## PROBLEM DETAILS
Pictures aside, quote the whole listing exactly.
________________
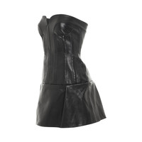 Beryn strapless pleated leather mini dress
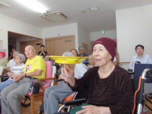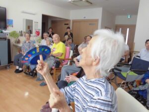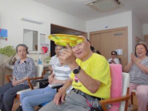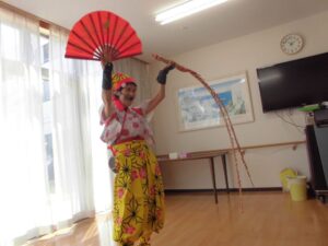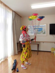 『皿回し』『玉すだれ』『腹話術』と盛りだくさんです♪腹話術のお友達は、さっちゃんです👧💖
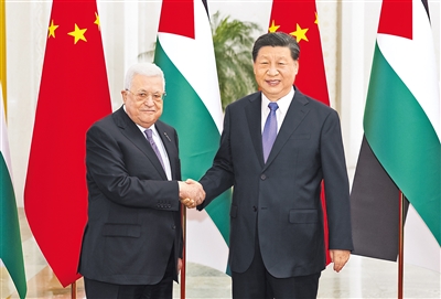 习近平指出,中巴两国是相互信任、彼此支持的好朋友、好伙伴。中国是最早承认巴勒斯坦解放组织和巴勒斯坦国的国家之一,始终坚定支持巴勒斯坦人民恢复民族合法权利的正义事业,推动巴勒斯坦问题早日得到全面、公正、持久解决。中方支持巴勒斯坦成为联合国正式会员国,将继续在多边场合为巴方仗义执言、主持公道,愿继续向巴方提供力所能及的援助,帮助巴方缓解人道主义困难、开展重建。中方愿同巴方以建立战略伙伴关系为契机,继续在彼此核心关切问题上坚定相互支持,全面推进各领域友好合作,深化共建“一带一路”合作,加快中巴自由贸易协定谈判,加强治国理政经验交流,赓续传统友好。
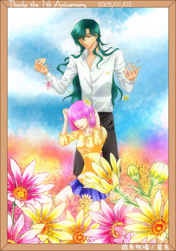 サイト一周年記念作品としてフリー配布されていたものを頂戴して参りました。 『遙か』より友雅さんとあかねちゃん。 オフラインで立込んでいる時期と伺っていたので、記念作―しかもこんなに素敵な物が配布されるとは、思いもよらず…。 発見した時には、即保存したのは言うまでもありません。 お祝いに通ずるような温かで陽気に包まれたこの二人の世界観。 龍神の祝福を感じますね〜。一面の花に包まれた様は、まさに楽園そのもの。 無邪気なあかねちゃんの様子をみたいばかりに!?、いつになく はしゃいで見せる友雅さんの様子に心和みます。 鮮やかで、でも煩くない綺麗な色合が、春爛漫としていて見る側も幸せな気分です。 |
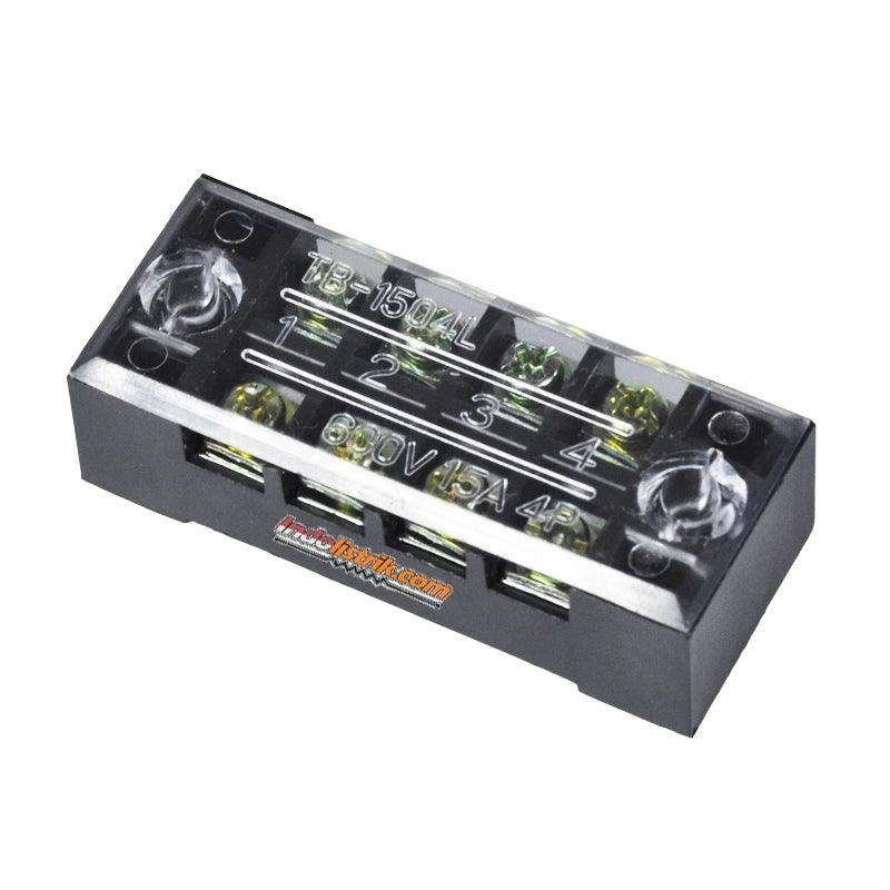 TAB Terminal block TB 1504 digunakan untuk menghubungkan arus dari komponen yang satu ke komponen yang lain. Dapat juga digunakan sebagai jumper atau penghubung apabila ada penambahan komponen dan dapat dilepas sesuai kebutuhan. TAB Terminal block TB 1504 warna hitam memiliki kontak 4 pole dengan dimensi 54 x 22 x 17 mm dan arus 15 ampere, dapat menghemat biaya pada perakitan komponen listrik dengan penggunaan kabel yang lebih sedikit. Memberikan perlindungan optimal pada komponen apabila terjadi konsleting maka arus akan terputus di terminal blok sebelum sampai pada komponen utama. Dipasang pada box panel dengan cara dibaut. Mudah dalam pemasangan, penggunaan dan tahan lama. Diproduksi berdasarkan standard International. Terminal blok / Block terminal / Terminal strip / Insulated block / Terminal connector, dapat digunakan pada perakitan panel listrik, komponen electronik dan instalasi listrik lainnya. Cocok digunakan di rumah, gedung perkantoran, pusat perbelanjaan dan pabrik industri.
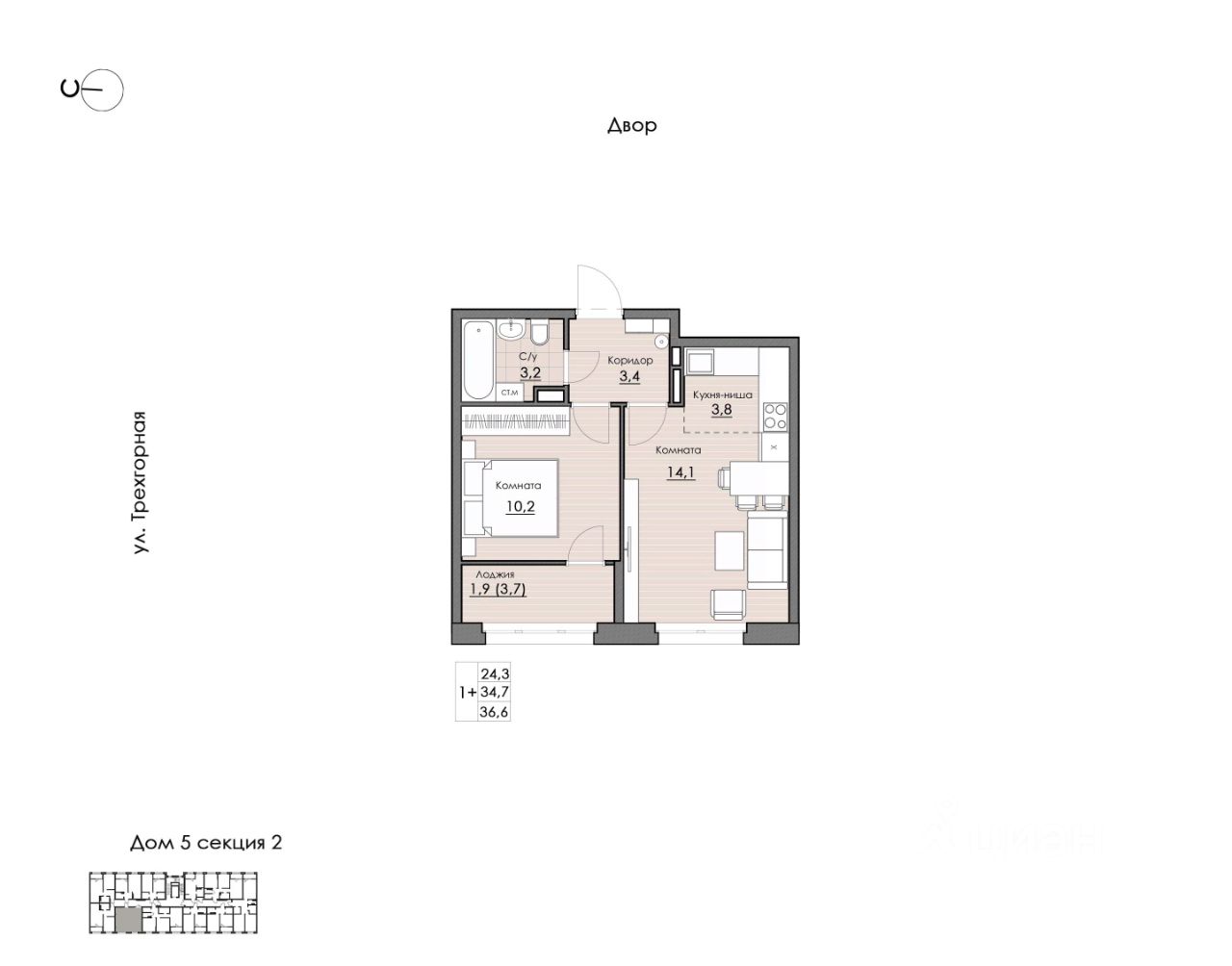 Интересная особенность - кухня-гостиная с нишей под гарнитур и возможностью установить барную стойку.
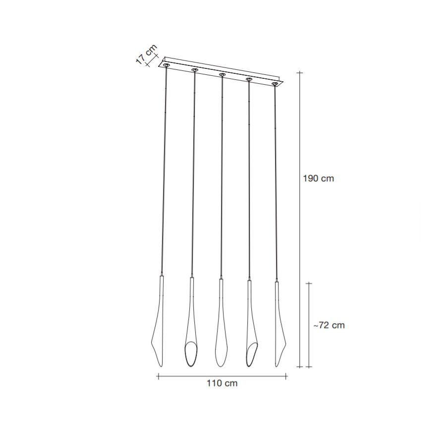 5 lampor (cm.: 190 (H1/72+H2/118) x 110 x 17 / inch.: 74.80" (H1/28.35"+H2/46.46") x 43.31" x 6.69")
________________
## RESPONSE BOX
 Beryn strapless pleated leather mini dress
 『皿回し』『玉すだれ』『腹話術』と盛りだくさんです♪腹話術のお友達は、さっちゃんです👧💖
 习近平指出,中巴两国是相互信任、彼此支持的好朋友、好伙伴。中国是最早承认巴勒斯坦解放组织和巴勒斯坦国的国家之一,始终坚定支持巴勒斯坦人民恢复民族合法权利的正义事业,推动巴勒斯坦问题早日得到全面、公正、持久解决。中方支持巴勒斯坦成为联合国正式会员国,将继续在多边场合为巴方仗义执言、主持公道,愿继续向巴方提供力所能及的援助,帮助巴方缓解人道主义困难、开展重建。中方愿同巴方以建立战略伙伴关系为契机,继续在彼此核心关切问题上坚定相互支持,全面推进各领域友好合作,深化共建“一带一路”合作,加快中巴自由贸易协定谈判,加强治国理政经验交流,赓续传统友好。
 サイト一周年記念作品としてフリー配布されていたものを頂戴して参りました。 『遙か』より友雅さんとあかねちゃん。 オフラインで立込んでいる時期と伺っていたので、記念作―しかもこんなに素敵な物が配布されるとは、思いもよらず…。 発見した時には、即保存したのは言うまでもありません。 お祝いに通ずるような温かで陽気に包まれたこの二人の世界観。 龍神の祝福を感じますね〜。一面の花に包まれた様は、まさに楽園そのもの。 無邪気なあかねちゃんの様子をみたいばかりに!?、いつになく はしゃいで見せる友雅さんの様子に心和みます。 鮮やかで、でも煩くない綺麗な色合が、春爛漫としていて見る側も幸せな気分です。 |
 TAB Terminal block TB 1504 digunakan untuk menghubungkan arus dari komponen yang satu ke komponen yang lain. Dapat juga digunakan sebagai jumper atau penghubung apabila ada penambahan komponen dan dapat dilepas sesuai kebutuhan. TAB Terminal block TB 1504 warna hitam memiliki kontak 4 pole dengan dimensi 54 x 22 x 17 mm dan arus 15 ampere, dapat menghemat biaya pada perakitan komponen listrik dengan penggunaan kabel yang lebih sedikit. Memberikan perlindungan optimal pada komponen apabila terjadi konsleting maka arus akan terputus di terminal blok sebelum sampai pada komponen utama. Dipasang pada box panel dengan cara dibaut. Mudah dalam pemasangan, penggunaan dan tahan lama. Diproduksi berdasarkan standard International. Terminal blok / Block terminal / Terminal strip / Insulated block / Terminal connector, dapat digunakan pada perakitan panel listrik, komponen electronik dan instalasi listrik lainnya. Cocok digunakan di rumah, gedung perkantoran, pusat perbelanjaan dan pabrik industri.
 Интересная особенность - кухня-гостиная с нишей под гарнитур и возможностью установить барную стойку.
 5 lampor (cm.: 190 (H1/72+H2/118) x 110 x 17 / inch.: 74.80" (H1/28.35"+H2/46.46") x 43.31" x 6.69")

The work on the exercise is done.